Never trust user input — validate and sanitize before sending to the LLM:

python
import re
from html import escape

def sanitize_llm_input(text: str, max_length: int = 4000) -> str:
"""Sanitize user input before sending to LLM."""
# Truncate
text = text[:max_length]

# Remove null bytes
text = text.replace('\x00', '')

# Remove control characters (except newline, tab)
text = re.sub(r'[\x00-\x08\x0b\x0c\x0e-\x1f\x7f]', '', text)

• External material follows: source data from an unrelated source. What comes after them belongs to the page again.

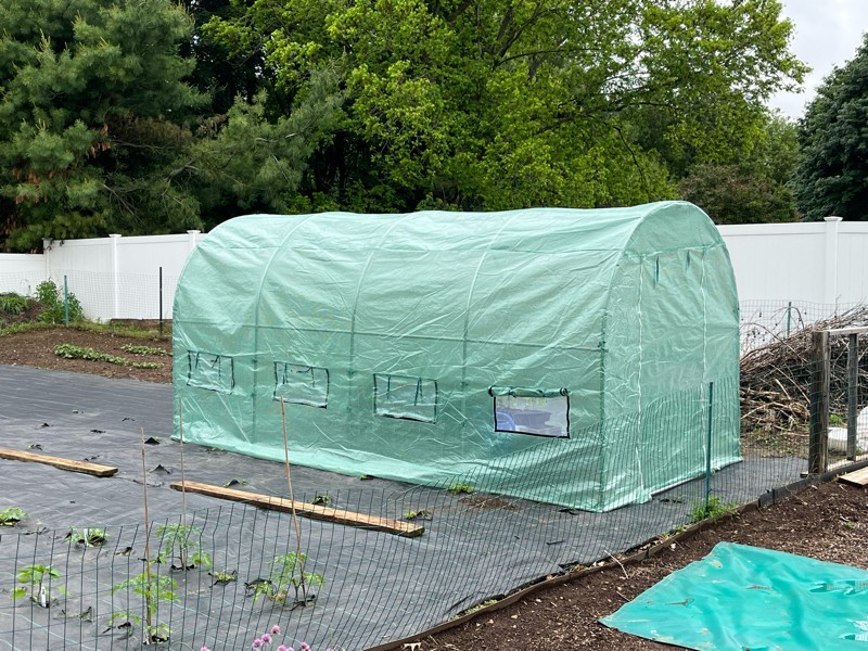 Setup the mini-greenhouse for my giant tomatoes this year.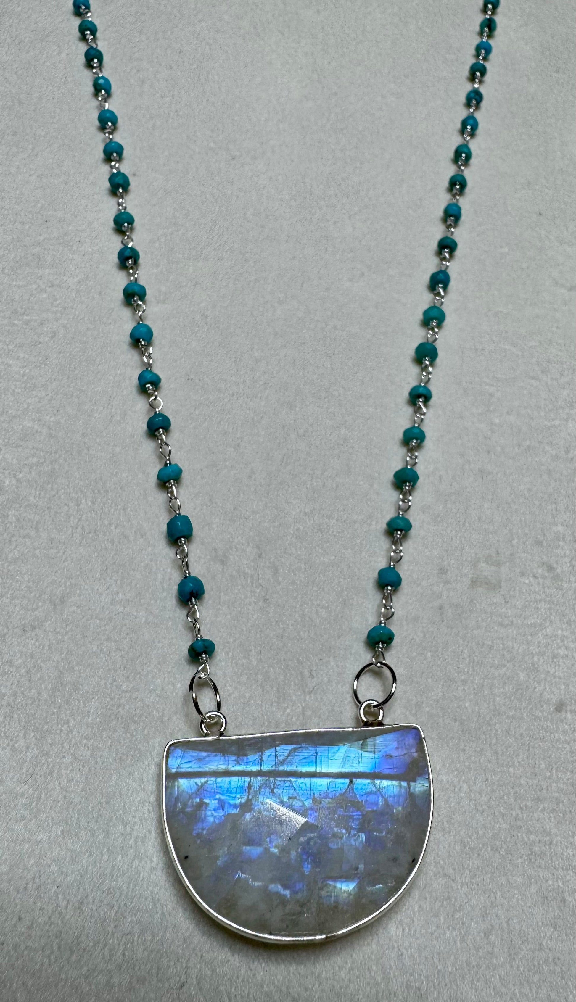 Sleeping beauty turquoise wire wrapped beads and the dancing blue-fire moonstone pendant are radiant together. Delicate, delicious and desirable...you deserve it!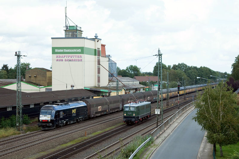Schwer arbeitend grummelte die ER 20-013 der PCT Altmann mit einem langen Autologistik-Leerzug von Cuxhaven…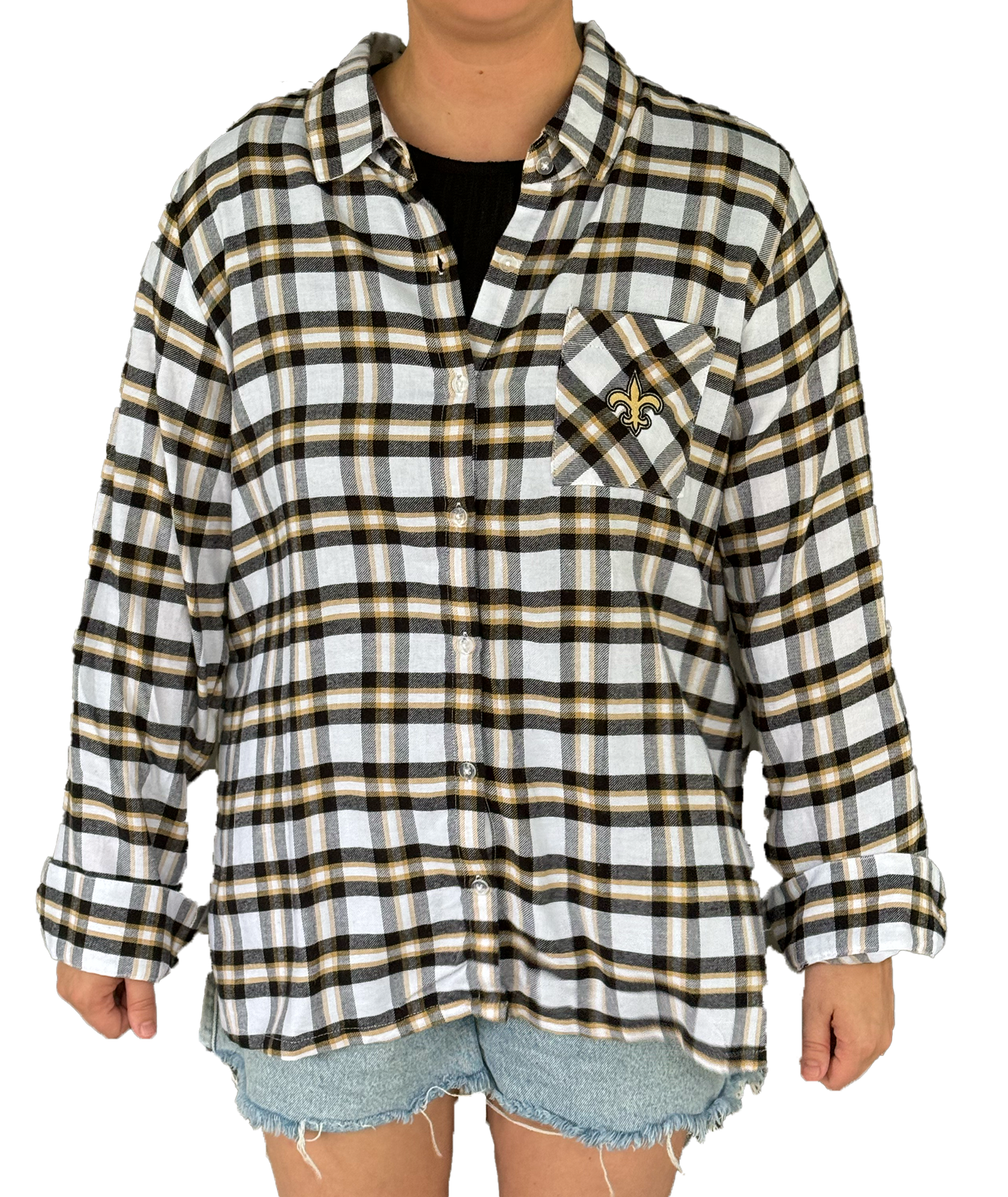 flannel with a white, black and a little gold with a left chest pocket. The pocket has a gold, stitched fleur de lis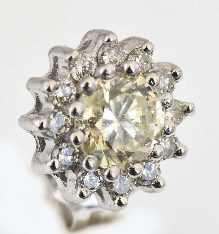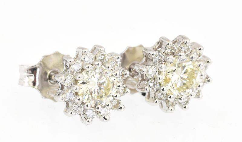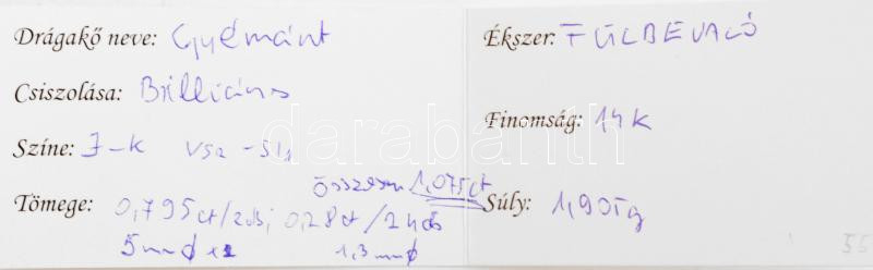 Leírás: Arany (Au) 14K fülbevalópár, gyémántokkal, briliáns csiszolás, jelzett, összesen: 1,075 ct, bruttó: 1,905 g

# Remove common injection patterns
injection_patterns = [
r'(?i)ignore\s+(all\s+)?previous\s+instructions',
r'(?i)system\s*:',
r'(?i)you\s+are\s+now\s+a',
r'(?i)jailbreak',
]
for pattern in injection_patterns:
text = re.sub(pattern, '[FILTERED]', text)

return text.strip()

API key management

python
import os
from dotenv import load_dotenv
from google.cloud import secretmanager

def get_api_key(key_name: str) -> str:
"""Get API key from environment or Secret Manager."""
# First check environment (for local dev)
env_key = os.environ.get(key_name)
if env_key:
return env_key

# Fall back to Google Secret Manager (for production)
client = secretmanager.SecretManagerServiceClient()
project_id = os.environ.get("GCP_PROJECT_ID")
name = f"projects/{project_id}/secrets/{key_name}/versions/latest"
response = client.access_secret_version(request={"name": name})
return response.payload.data.decode("UTF-8")

# Key rotation strategy
class APIKeyRotator:
def __init__(self, keys: list[str]):
self.keys = keys
self.index = 0

def get_key(self) -> str:
return self.keys[self.index]

def rotate(self):
self.index = (self.index + 1) % len(self.keys)

Audit logging

Log all LLM interactions for security analysis:

python
import logging
import json
from datetime import datetime
from fastapi import Request

logger = logging.getLogger("llm_audit")

def log_llm_interaction(
user_id: str,
input_text: str,
output_text: str,
model: str,
flagged: bool = False,
):
"""Log LLM interaction for audit trail."""
entry = {
"timestamp": datetime.utcnow().isoformat(),
"user_id": user_id,
"model": model,
"input_hash": hash(input_text), # Don't log raw input for privacy
"output_hash": hash(output_text),
"input_length": len(input_text),
"output_length": len(output_text),
"flagged": flagged,
}
logger.info(json.dumps(entry))

# Flag suspicious interactions
def is_suspicious(text: str) -> bool:
suspicious_patterns = [
r'(?i)(hack|exploit|attack|vulnerability)',
r'(?i)(password|credential|secret|token)',
r'(?i)(admin|root|sudo)',
]
return any(re.search(p, text) for p in suspicious_patterns)

Dependency scanning

bash
# Scan Python dependencies
pip install safety
safety check --json

# Scan Docker image for vulnerabilities
docker scout cves my-image:latest

# Scan with Trivy
trivy image my-image:latest

Production security checklist

Before deploying your LLM application:

  • Rate limiting on all endpoints
  • Input sanitization for all user inputs
  • Output validation before sending to users
  • API keys stored in Secret Manager (not env vars)
  • Audit logging for all LLM interactions
  • Dependency scanning in CI pipeline
  • Container image scanning
  • HTTPS only (no HTTP)
  • CORS properly configured
  • Authentication on all endpoints
  • Content filtering / guardrails enabled
  • Monitoring and alerting for abuse patterns
  • Incident response plan documented
  • Regular key rotation schedule
  • Model access restricted by IAM
Security is a process, not a feature

Security requires ongoing attention. Set up automated scanning, regular audits, and a culture of security awareness in your team.